* RECORDS PROVIDED *

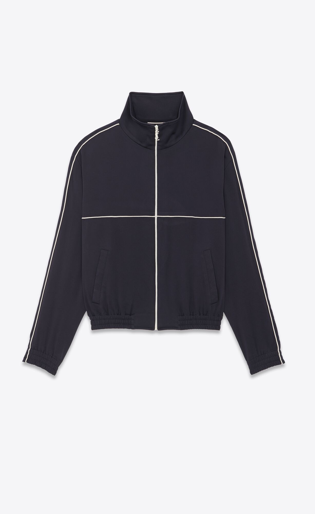 TEDDY JACKET WITH CONTRASTING PIPING, RIBBED EDGES, SIDE POCKETS AND ZIP CLOSURE WITH A CASSANDRE PULLER.
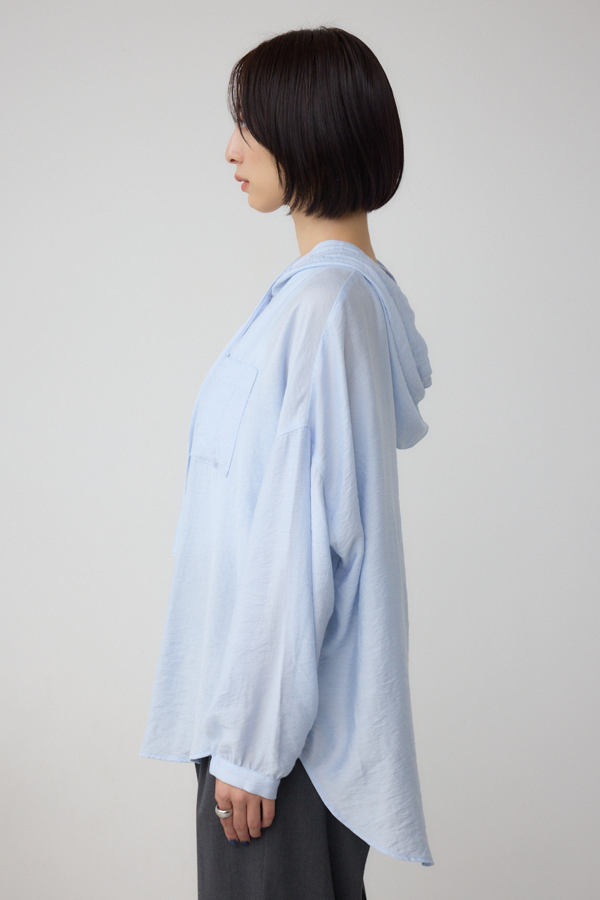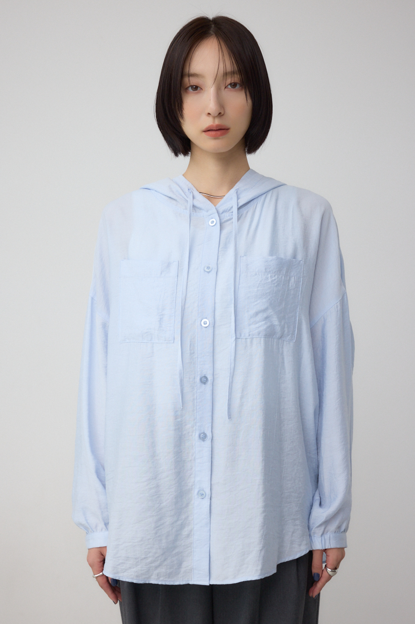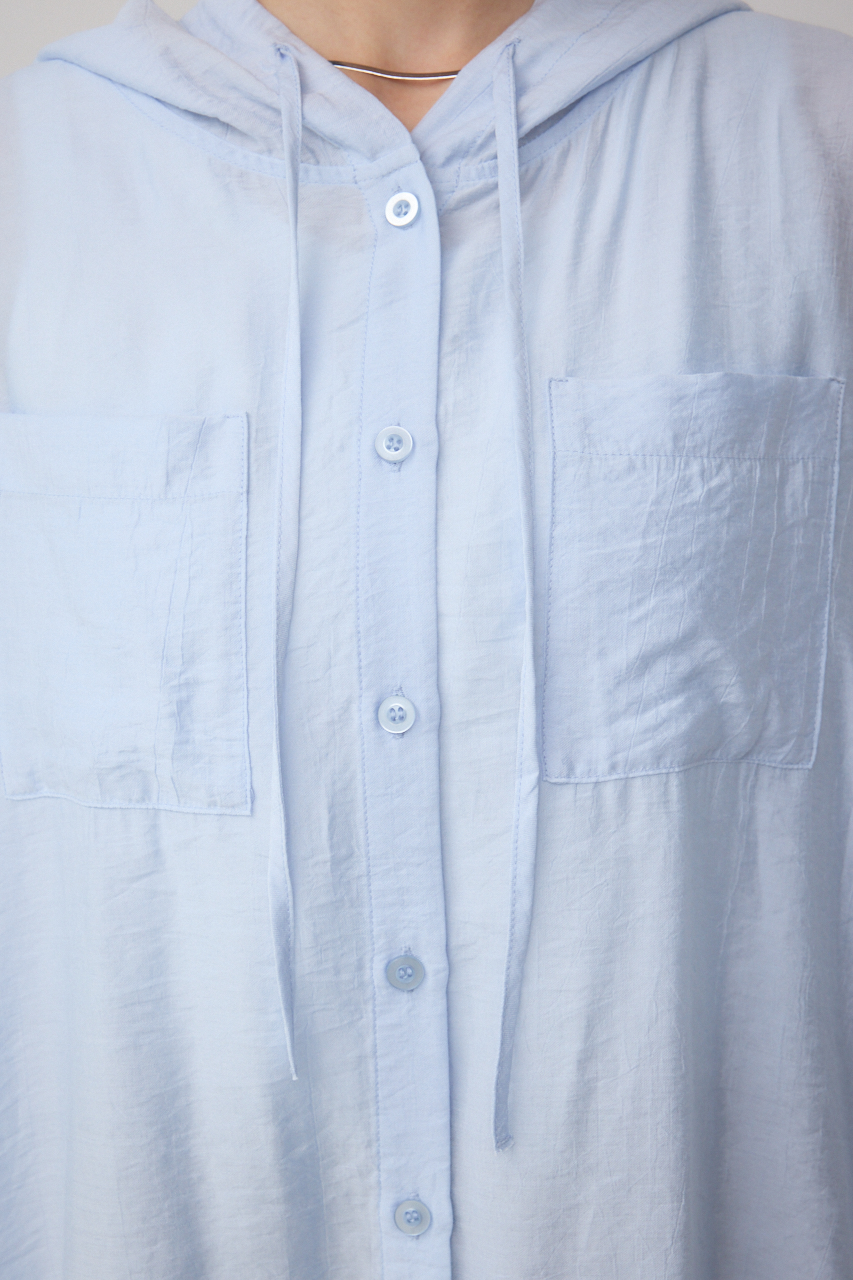 1枚着でも羽織としても使用できるフード付きシャツ。
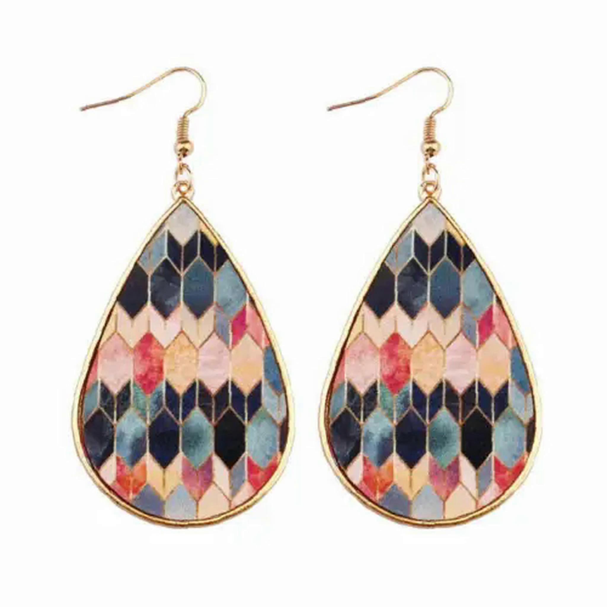 RSAMD Print Leather Floral Square Gold Tone Teardrop Women Statement Moroccan Earrings-Square
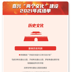 文变染乎世情,兴废系乎时序。文化兴则发展兴,文化强则根基稳。嘉兴打造共同富裕典范城市,文化建设是筑底工程。在文化建设中,嘉兴一直在努力,通过爱国主义教育、革命传统教育、培养人民群众爱党爱国情操;通过历史文化遗产的保护、挖掘、展示,把优秀中华传统文化发扬光大,让“两个文化”的精神内涵内化到嘉兴人的血脉之中,成为更基本、更深沉、更持久的力量,成为激励嘉兴人民不懈奋斗的文化自信和精神动力。
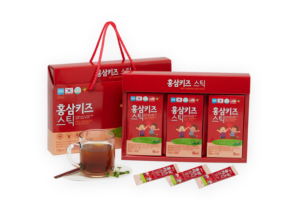 It is a fresh, fruit-flavored liquid product that contains domestically produced 6-year-old red ginseng, vitamins and minerals to boost children's immunity and improve memory and energy.
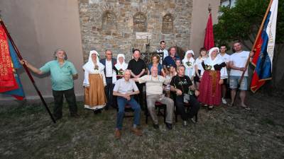Botri, praporščaki, noše in trojica vaščanov pred staro uro (FOTODAMJ@N) Tržaška Poklonili so se prednikom v Bl'uncu (video) Martin Poljsak | 25. jun. 2022 | 16:54
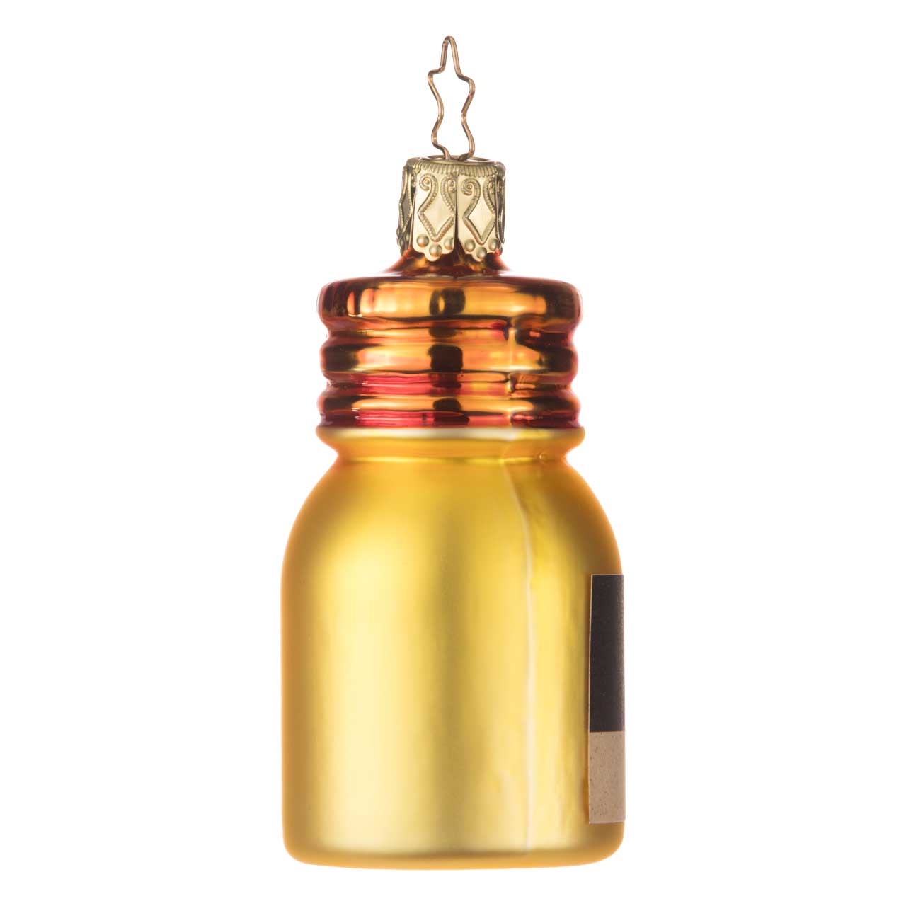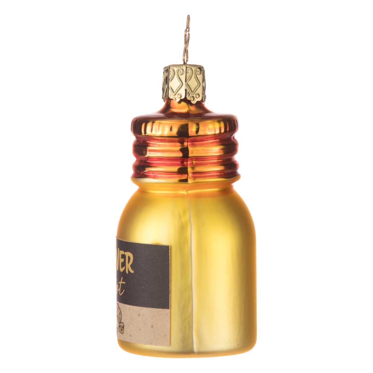 La pequeña botella es redondeada y compacta en la base, con un cuello escalonado en la parte superior. El cuerpo brilla en un intenso color dorado, mientras que la tapa resplandece con brillantes acentos rojizos. La parte delantera lleva la inscripción "Ginger Shot - Spicy" y una fina ilustración de una raíz de jengibre.
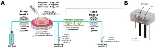 OFM probes were perfused with the perfusate (pump head 1) which equilibrates with the ISF of the surrounding tissue and is withdrawn by the pump head 2 (OFM sample). To measure critical tissue parameters directly in tissue rather than in the culture medium, OFM samples were collected at the outlet of the OFM probe which was inserted directly in either FTSE or skin explants (Figure 3A). Consequently, concentrations of culture parameters (i.e., oxygen, pH) and metabolites (i.e., glucose, lactate) found in the OFM sample are more representative of the state of the tissue than those found in the culture medium. Furthermore, the integration of a custom-made microfluidic flow-through cell and commercial sensors allowed the online measurement of oxygen, pH (Figure 3B), glucose, and lactate. FTSE and ex vivo skin explants were cultured in the incubator for up to 24 h while monitoring the mentioned parameters to assess whether the tissues remained viable.
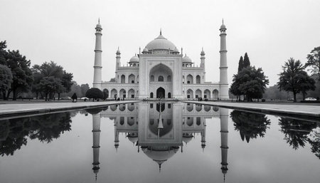 Monochromatic Taj Mahal Reflection in Water at Dawn
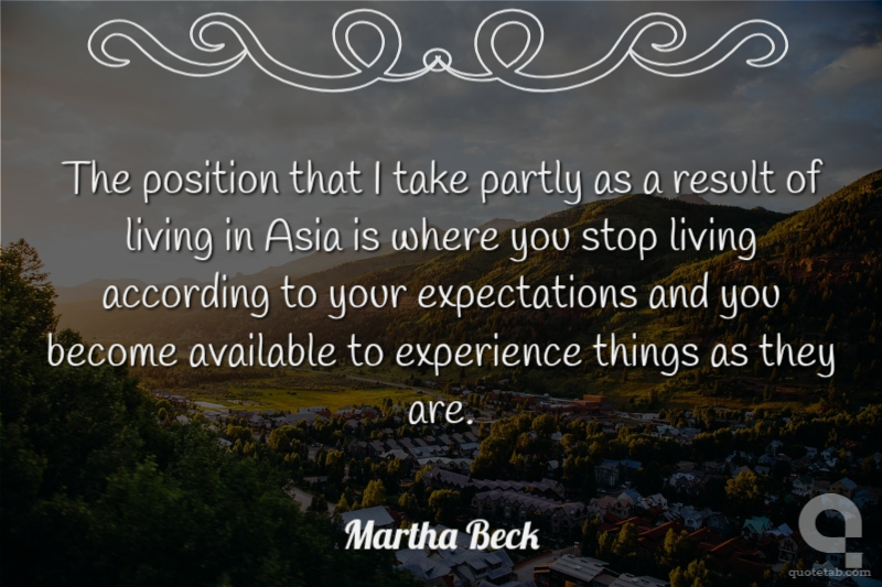 The position that I take partly as a result of living in Asia is where you stop living according to your expectations and you become available to experience things as they are.
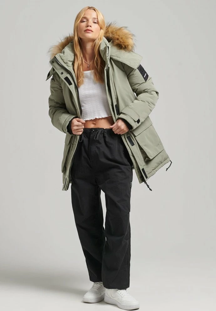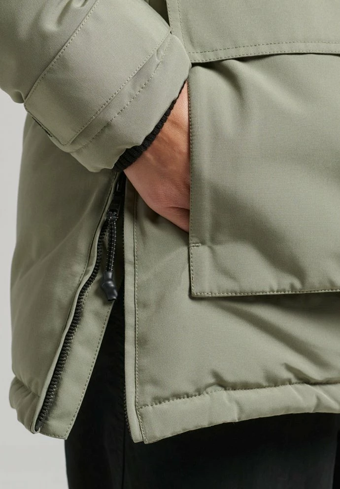 - Hood detail: Lined, removable, removable faux fur collar

* WHAT IS BEING ASKED *
Reproduce only the lines from the first line of the listing above up to and including the line that holds "La pequeña botella". Omit the pictures.

* EXERCISE OUTPUT *
 TEDDY JACKET WITH CONTRASTING PIPING, RIBBED EDGES, SIDE POCKETS AND ZIP CLOSURE WITH A CASSANDRE PULLER.
 1枚着でも羽織としても使用できるフード付きシャツ。
 RSAMD Print Leather Floral Square Gold Tone Teardrop Women Statement Moroccan Earrings-Square
 文变染乎世情,兴废系乎时序。文化兴则发展兴,文化强则根基稳。嘉兴打造共同富裕典范城市,文化建设是筑底工程。在文化建设中,嘉兴一直在努力,通过爱国主义教育、革命传统教育、培养人民群众爱党爱国情操;通过历史文化遗产的保护、挖掘、展示,把优秀中华传统文化发扬光大,让“两个文化”的精神内涵内化到嘉兴人的血脉之中,成为更基本、更深沉、更持久的力量,成为激励嘉兴人民不懈奋斗的文化自信和精神动力。
 It is a fresh, fruit-flavored liquid product that contains domestically produced 6-year-old red ginseng, vitamins and minerals to boost children's immunity and improve memory and energy.
Botri, praporščaki, noše in trojica vaščanov pred staro uro (FOTODAMJ@N) Tržaška Poklonili so se prednikom v Bl'uncu (video) Martin Poljsak | 25. jun. 2022 | 16:54
 La pequeña botella es redondeada y compacta en la base, con un cuello escalonado en la parte superior. El cuerpo brilla en un intenso color dorado, mientras que la tapa resplandece con brillantes acentos rojizos. La parte delantera lleva la inscripción "Ginger Shot - Spicy" y una fina ilustración de una raíz de jengibre.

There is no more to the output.